The grades for Exam 3 are posted on the Grades page (email me if you have forgotten the password).

This exam covered a great deal of material and, while overall grades were comparable to the first exam, I’m sure not everyone did as well as they would have liked.  You may improve your score on the exam by completing the Special Offer below.

Let me know if you have any questions, and best of luck with your studying!
Prof. Reitz

Exam 3 Special Offer – earn bonus points.  You can improve your grade on the exam, by doing the following:

  1. Choose ONLY ONE problem in which you did NOT earn full points.  You are working to earn back (some of ) the points you missed on this problem.
  2. Do the problem over, neatly and completely, start to finish, on a separate sheet of paper.
    1. Don’t forget your name, the date, and the problem number.
  3. On the same sheet, write a short statement (one or two complete sentences) explaining your mistake(s) – the purpose is to let me know that you understand what you did wrong.
  4. Hand in your original exam and your corrected problem and explanation, stapled together, in class on Thursday (the day of the final exam).
  5. Bonus points will be added to your Exam 3 score based on the number of points you missed on the chosen problem,  the accuracy of your corrections and explanation, and your overall grade on the exam.  Bonus points are limited as follows:
    1. If you received less than 60% on the exam, you can earn a maximum of 20 bonus points.
    2. If you received between 60% – 69% on the exam, you can earn a maximum of 15 bonus points.
    3. If you received between 70% – 79% on the exam, you can earn a maximum of 10 bonus points.
    4. If you received between 80% – 89% on the exam, you can earn a maximum of 5 bonus points.
    5. If you received between 90% or more on the exam, you can earn a maximum of 2 bonus points.

 

Final Exam Review is posted

Hi everyone,

The review sheet for the final exam is posted on the Handouts page.

Best,
Prof. Reitz

Exam 3 Review – Problem 2 STEP BY STEP (Taylor Series)

Hi everyone – here is a step-by-step solution to Problem 2 from the Exam 3 Review. If you have any questions (or notice an error), please leave a comment in reply to this post.

2.  Given the differential equation y''-xy'-y=0,

a.
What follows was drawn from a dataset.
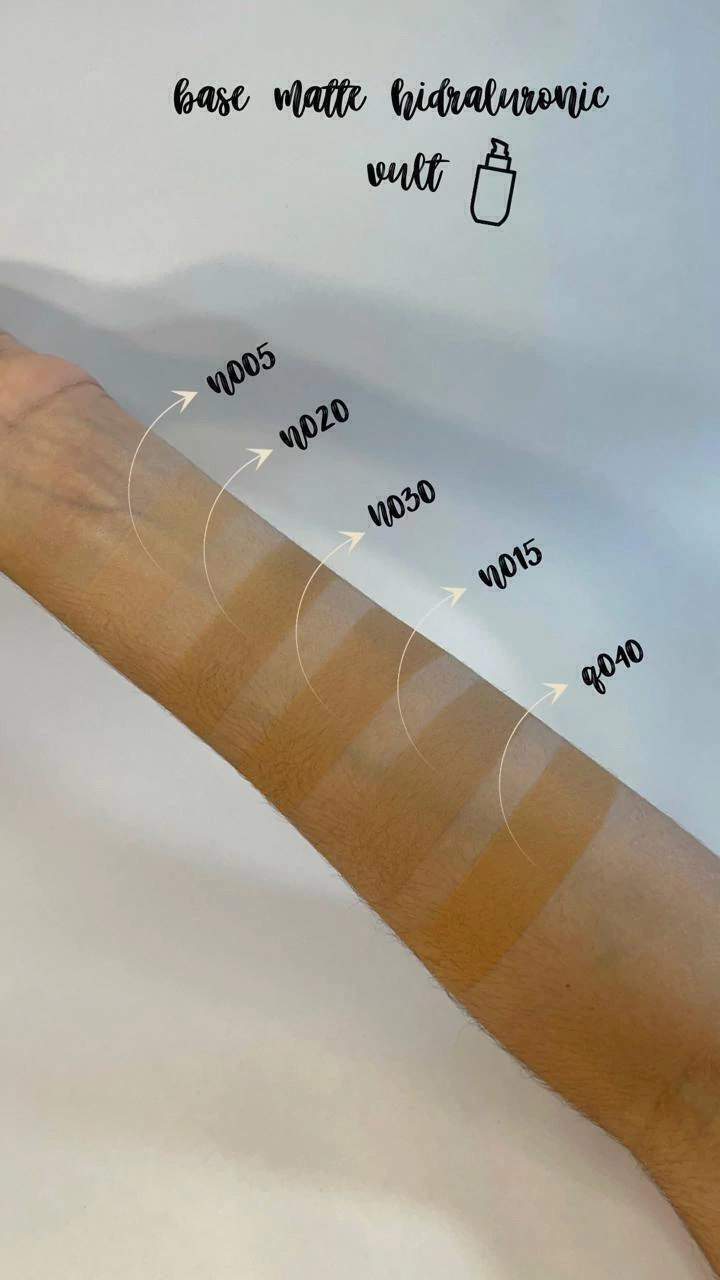 A Base Líquida Vult Hidraluronic Matte tem em sua fórmula Ácido Hialurônico, responsável por reter a umidade, hidratando e mantendo a pele firme. Seu acabamento matte deixa a pele sequinha, com brilho e oleosidade controlados por todo o dia. De cobertura média, tem duração de até 8h. Sua textura leve permite a construção de camadas, deixando sempre um acabamento natural e uniforme e sem marcar as linhas de expressão. Disponível em 12 cores, atende a variados tons de pele.

Suppose that y(x) has a Taylor series about x=0,y(x)=\sum\limits_{n=0}^{\infty} \frac{f^{(n)}(0)}{n!} x^n=a_0+a_1 x + a_2 x^2 + a_3 x^3 + a_4 x^4 +\ldots Substitute into the differential equation and simplify by grouping together terms with similar powers of x.

We start with the assumption that y(x)= a_0+a_1 x + a_2 x^2 + a_3 x^3 + a_4 x^4 +\ldots.  Find the first and second derivatives:

  • y'(x)= a_1+2a_2x+3a_3x^2+4a_4x^3+\ldots
  • y''(x)= 2a_2+6a_3x+12a_4x^2+\ldots

Now substitute y, y' and y'' into the differential equation y''-xy'-y=0:

(2a_2+6a_3x+12a_4x^2+\ldots)-x(a_1+2a_2x+3a_3x^2+4a_4x^3+\ldots)-(a_0+a_1 x + a_2 x^2 + a_3 x^3 + a_4 x^4 +\ldots)=0

 

Get rid of parentheses (don’t forget to distribute the -x and the - in front of the second and third sets of parentheses):

2a_2+6a_3x+12a_4x^2+\ldots-a_1x-2a_2x^2-3a_3x^3-4a_4x^4-\ldots-a_0-a_1 x-a_2 x^2-a_3 x^3-a_4 x^4-\ldots=0

 

Now group together by powers of x :

(2a_2-a_0)+(6a_3x-a_1x-a_1x)+(12a_4x^2-2a_2x^2-a_2x^2)+\ldots=0

 

(Remember, there is more stuff hidden in the “\ldots” – if we wanted to, we could write down more terms ofy, y' and y'' and therefore get more terms here as well).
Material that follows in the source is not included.